– Здесь. Очень близко от того места, где мы стоим. Я был в отряде ПОУМ, который в мае тридцать седьмого попал в переделку. Нас послали на помощь анархистам, те забаррикадировались в Колехио-де-лос-Эсколапиос на Ронде, там меня и схватили. И бросили в тюрьму "Модело", свои же бросили, ну да, свои, коммунисты, и из партии "Эскерра Републикана", и социалисты – они все тогда ополчились против анархистов. Там я проторчал почти год. В "Модело". Я. В самом сердце Красной Испании.
– Какие негодяи. Мой шурин был в ОСПК и на чем свет стоит ругает анархистов и вашу партию.

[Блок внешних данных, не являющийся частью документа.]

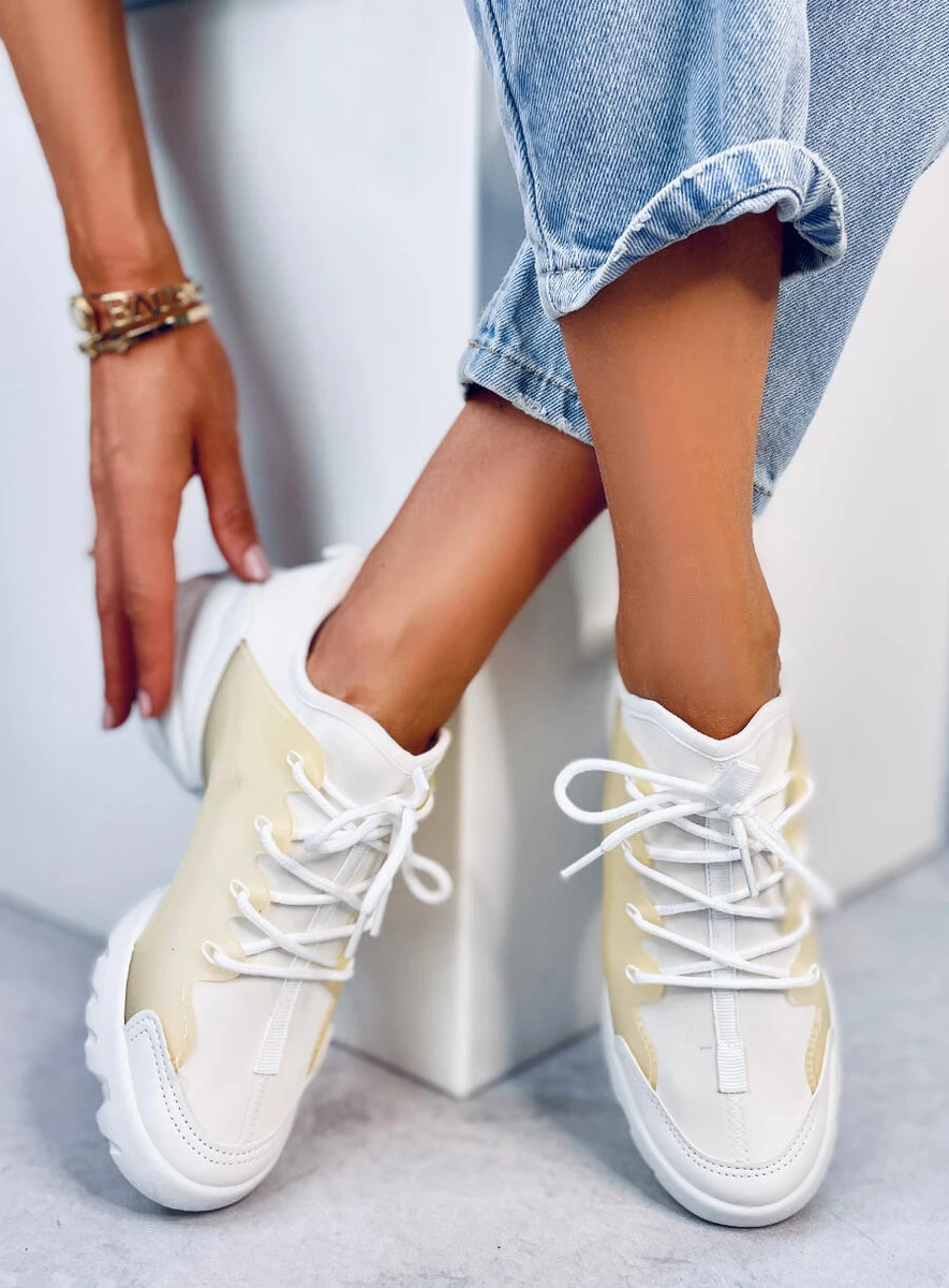 Buty sportowe damskie. Unikalny fason tego modelu doskonale sprawdzi się zarówno w stylizacjach sportowych, jak i tych codziennych. Wygoda idzie w tym przypadku w parze z modą. Nie czekaj i zamów je już teraz! Wnętrze butów wyścielone jest tkaniną. Materiał zewnętrzny – tkanina neoprenowa + skóra ekologiczna.
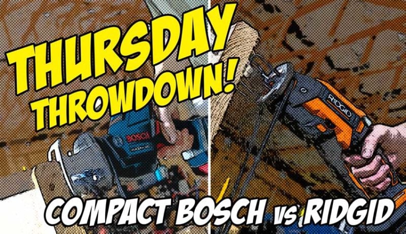 Within the compact reciprocating saw realm, there are two distinct classesโone-hand and two-hand models. It may not seem like a big deal at first glance, but there are pretty big differences in performance. For this Thursday Throwdown, weโre looking at the one-hand class. Itโs Bosch vs Ridgid compact reciprocating saw in a one vs one fight to the finish!

– Что на это сказать? Потом меня выпустили, и я вернулся на фронт. Но до конца нам больше никогда не верили. А в тридцать восьмом, когда дело шло к концу, меня снова арестовали и опять посадили в "Модело" и не хотели выпускать, даже когда националисты подошли к городу. В конце концов у кого-то оказалась капля разума, и нас выпустили, но времени уйти за Пиренеи уже не было. Я наткнулся на фашистский патруль, и вот тут-то начались хождения по мукам.
– Вас судили.
– Требовали для меня смертного приговора, утверждали, будто я был среди тех, кто особенно много их поубивал.
– И?…
– Двадцать лет. Отсидел почти шесть, и выпустили, но в оставшиеся четырнадцать лет я должен каждые две недели отмечаться в полицейском участке. Я указал свое временное место жительства, и мне назначили являться в участок на улице доктора Доу.

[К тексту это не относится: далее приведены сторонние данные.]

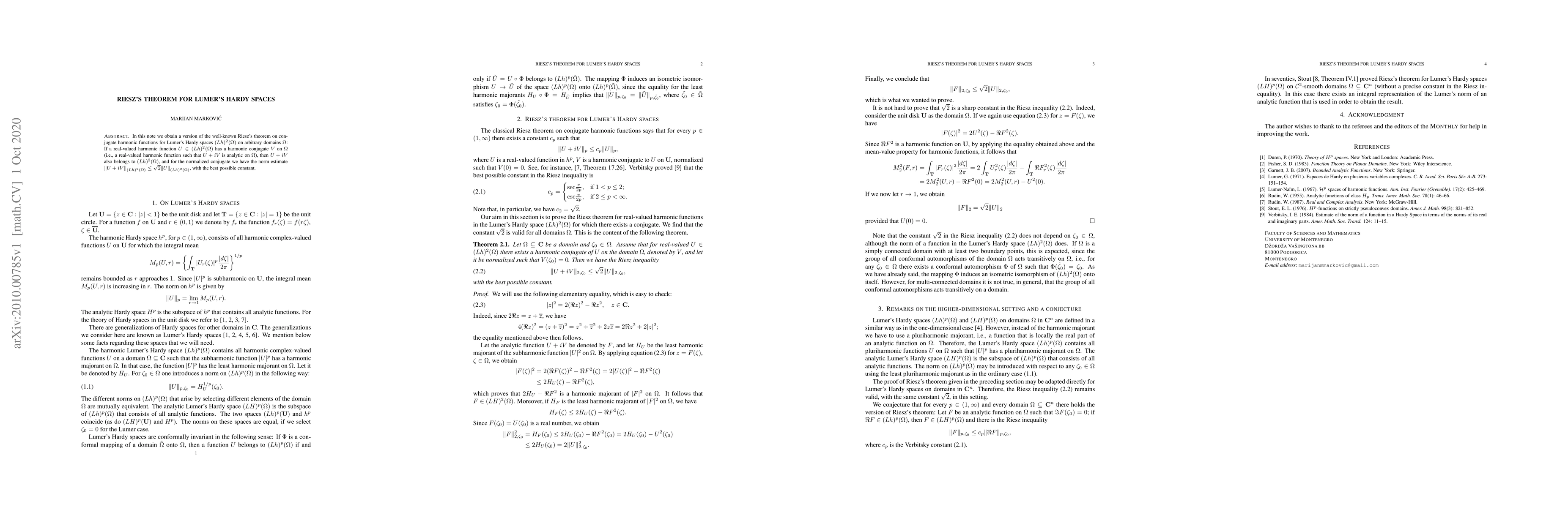 In this note we obtain a version of the well-known Riesz's theorem on conjugate harmonic functions for Lumer's Hardy spaces $(Lh)^2(\Omega)$ on arbitrary domains $\Omega$: If a real-valued harmonic function $U\in (Lh)^2(\Omega)$ has a harmonic conjugate $V$ on $\Omega$ (i.e., a real-valued harmonic function such that $U+ iV$ is analytic on $\Omega$), then $U+iV$ also belongs to $(Lh)^2(\Omega)$, and for the normalized conjugate we have the norm estimate $\|U+iV\|_{(Lh)^2(\Omega)}\le\sqrt{2} \|U\|_{(Lh)^2(\Omega)}$, with the best possible constant.
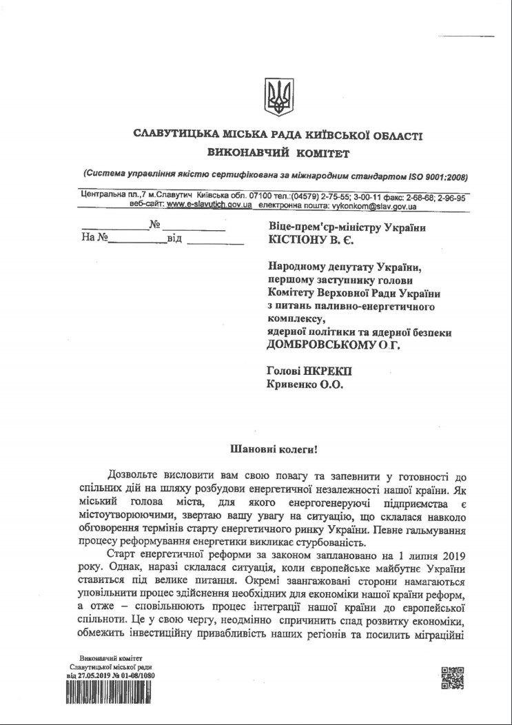 «Старт энергетической реформы согласно закона запланирован на 1 июля 2019 года. Однако, сейчас сложилась ситуация при которой европейское будущее Украины ставится под вопрос. Некоторые заангажированные стороны пытаются замедлить процесс реализации необходимых стране реформ, тормозят процесс интеграции страны в европейское сообщество», — указано в письме.
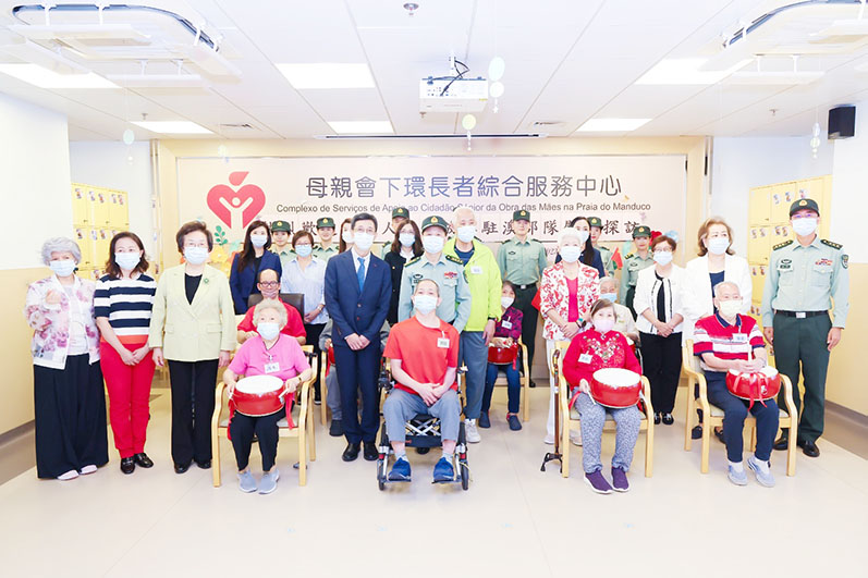 【特訊】為感謝長者對本澳社會的貢獻,傳承敬老崇孝的社會價值,中國人民解放軍駐澳門部隊政治工作部主任高好良大校與部分官兵代表,在澳門特別行政區政府社會工作局韓衛局長的陪同下,於十一月十日上午到母親會下環長者綜合服務中心慰問長者。

– Знают, что делают. Хотят держать вас под контролем всю жизнь. Через четырнадцать лет будет тысяча девятьсот шестидесятый год. В голове не умещается. Тысяча девятьсот шестидесятый. Дата совершенно нереальная, как, например, Луна или Марс. Вы можете представить, что произойдет за это время?
– Все или ничего.
Росель подобрал газету, в которую были завернуты книги Кинтаны, и внимательно принялся разглядывать страницу, заполненную фотографиями. "Луис Дориа привел в восторг музыкальных критиков Чикаго". Гениальный музыкант утверждает право Испании на собственную судьбу. "Испания как артишок: у нее много листочков, но ее суть – ее сердце". Росель не мог отвести взгляда от фотографии, где Дориа, в визитке, получает золотую дирижерскую палочку из рук дочери президента Трумэна.
– Луис Дориа вернулся в Испанию?
– Музыкант? Конечно, вернулся. Примерно до сорок второго он оставался за границей, но и тогда приезжал, выступал на Музыкальном фестивале на Коста-Брава, перед министрами и самим Франко, правда, я не знаю точно, слышал, что так. Сделал бешеную карьеру. Он вправду такой хороший музыкант, как говорят?

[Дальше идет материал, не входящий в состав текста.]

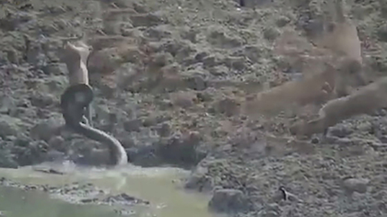 Камера, установленная возле водоема в индийском штате Махараштра, сняла оленя, попавшего в устроенную питоном засаду. Об этом сообщает NDTV. Четыре оленя, пришедшие на водопой, не заметили огромную змею, которая скрывалась под водой. Когда один из них оказался в пределах ее досягаемости, она с неожиданным проворством бросилась на него, впилась зубами в голову, а затем обвила и принялась душить. Позднее питон проглотил свою добычу. Кадры опубликовал в интернете сотрудник индийской лесной службы Сусанта Нанда (Susanta Nanda). «Когда питоны убивают добычу, они используют своего рода засадный метод, прыгая, атакуя ее и хватая зубами всего за 50 миллисекунд», — прокомментировал он. В Индии обитают несколько видов питонов, в том числе пятнистые удавчики, тигровые питоны и сетчатые питоны, которые вырастают до семи метров в длину и считаются самыми большими змеями в мире. 20 ноября сообщалось, что туристы в кенийском заповеднике Масаи-Мара стали свидетелями драки между леопардом и иероглифовым питоном. Змея обвила и попыталась задушить зверя, однако тому удалось вырваться и убить ее.
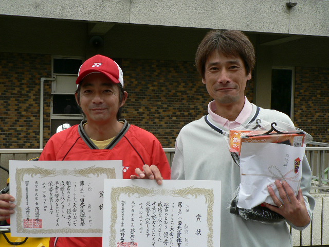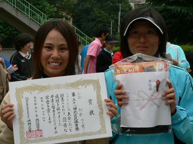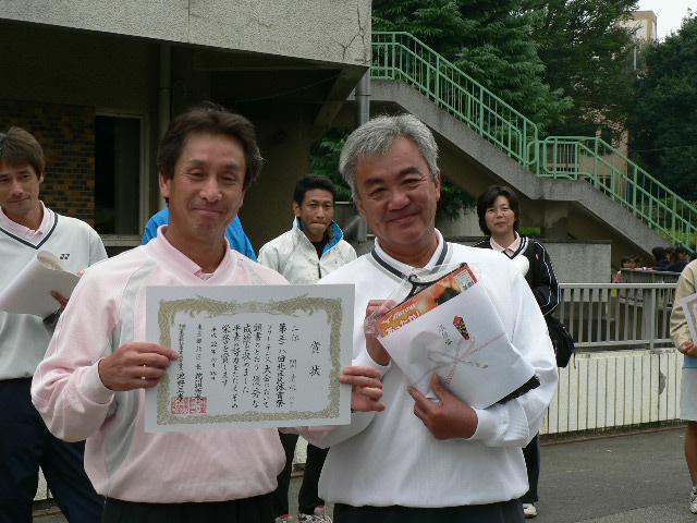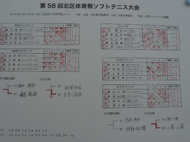 とりあえず気を取り直して今シーズン残りのローカル戦を頑張ろうと思っている今日この頃です。 まずは今シーズンカウントダウン第1戦! 「北区大会」に参戦してきました!! 横浜からは熊ママが初参戦! 子供相手用のアイテムまで持参して頂いて(笑) magnum・バズーカペアの結果は一般で準優勝でした。 優勝の賞品がウエアだったので何とかGETしたかったんだけど。。 決勝で若手の小僧達に・・ それもなんちゃってダブル前衛に・・ 逆転負けでした!! 優勝はこの小僧達(笑)だ~~!! 子供の頃から面倒見ていたケンと今期富士桜に入った新淵君!! 悔しいけどおめでとうございます!! シニア45の優勝は山口・小澤ペア! 大会終了の後、シニアチャンピオンと3試合練習ゲームやらしてもらいました。 結果は3勝0敗だったから本日は良しとしましょう(笑) 結果はこれ↑ そして各入賞者は! 北区はあと「なるそ~大会」を残すだけとなりました! 連盟の皆さん今年もお疲れ様でした!! | カウンター
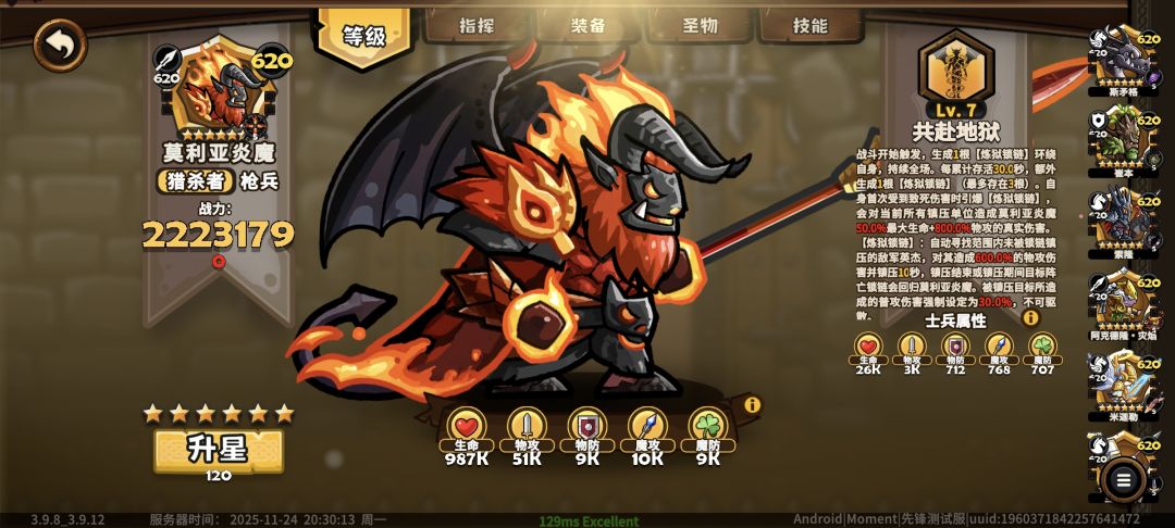 开局有1条锁链,每活半分钟加1条,场上最多存在3条锁链,炎魔阵亡同时引爆场上所有锁链,被套住的单位会受到炎魔自身一半血的血伤和600%物攻真伤,需要启动时间。
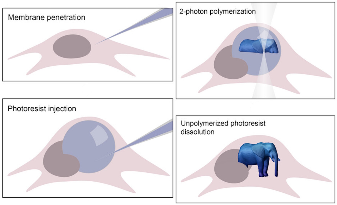 Фізики надрукували крихітні фігурки, зокрема 3D-слона, всередині живих клітин за допомогою вдосконаленого методу літографії, який застосовують у біомедицині та для створення надточних аналізаторів рідин. Здатність друкувати в живих клітинах може знайти застосування в доставці ліків до окремих тканин, виявлення патологій на клітинному рівні та біоелектроніки. Дослідження опублікували в журналі Advanced Materials.
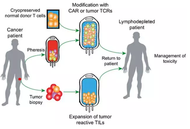 與TILs相比,開發轉基因的方法克服對腫瘤特異性T細胞免疫耐受。這種方法通過轉導嵌合抗原受體(融合抗原結合域及T細胞信號結構域)或者TCR α/β異二聚體,使T細胞能夠重新高效的識別靶細胞。通過輸注能夠識別特異靶標的基因修飾T細胞,賦予免疫系統以新的非自然免疫活性。這種方法除了能像細胞毒性化療和靶向治療快速殺滅腫瘤外,還避免了疫苗和T細胞檢查點療法的延遲效應。
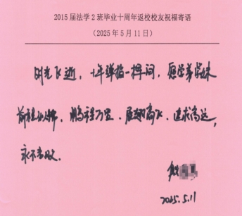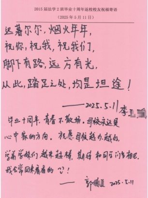 与会校友纷纷发言,回忆了在校学习的点滴时光,畅谈毕业十年间的工作经历与人生感悟。一位校友表示,“这是毕业十年第一次回家,母校的教诲让我始终铭记法律人的责任与担当,十分感谢母校的培养为我们奠定了坚实的职业基础。”校友们结合自身在司法机关、律所以及企业法务岗位的工作经验,围绕法学实践教学、校企协同育人、校友资源共享等提出了宝贵的建议和意见,现场气氛热烈融洽。活动还特别设置了“手写祝福寄语”环节,校友们在明信片上写下对母校的祝愿与对学弟学妹的期许,字字真挚,句句情深。
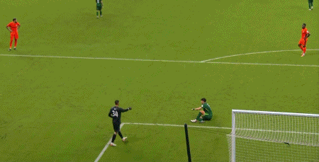 第45+1分钟,林良铭倒在禁区,裁判没有判罚
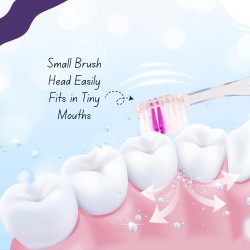 Setole morbide e arrotondate delicate sulle gengive sensibili dei bambini prevenendo le irritazioni e fornendo una pulizia accurata

Росель пожал плечами и продолжал внимательно изучать изображение Дориа: мужчина в визитке, худощавый, волосы художественно взлохмачены в пылу музыкального сражения, а чарующая улыбка сокола обращена к дочери Трумэна. Подпись под фотографией: "В расцвете молодости Луис Дориа – живое свидетельство неумирающего испанского духа. Он вобрал в себя все лучшее, что есть в мировой музыкальной культуре, и не отвергает корней, что произрастают на могиле Сида и обретают вид скромных офицерских нашивок, блеском соперничающих со звездами.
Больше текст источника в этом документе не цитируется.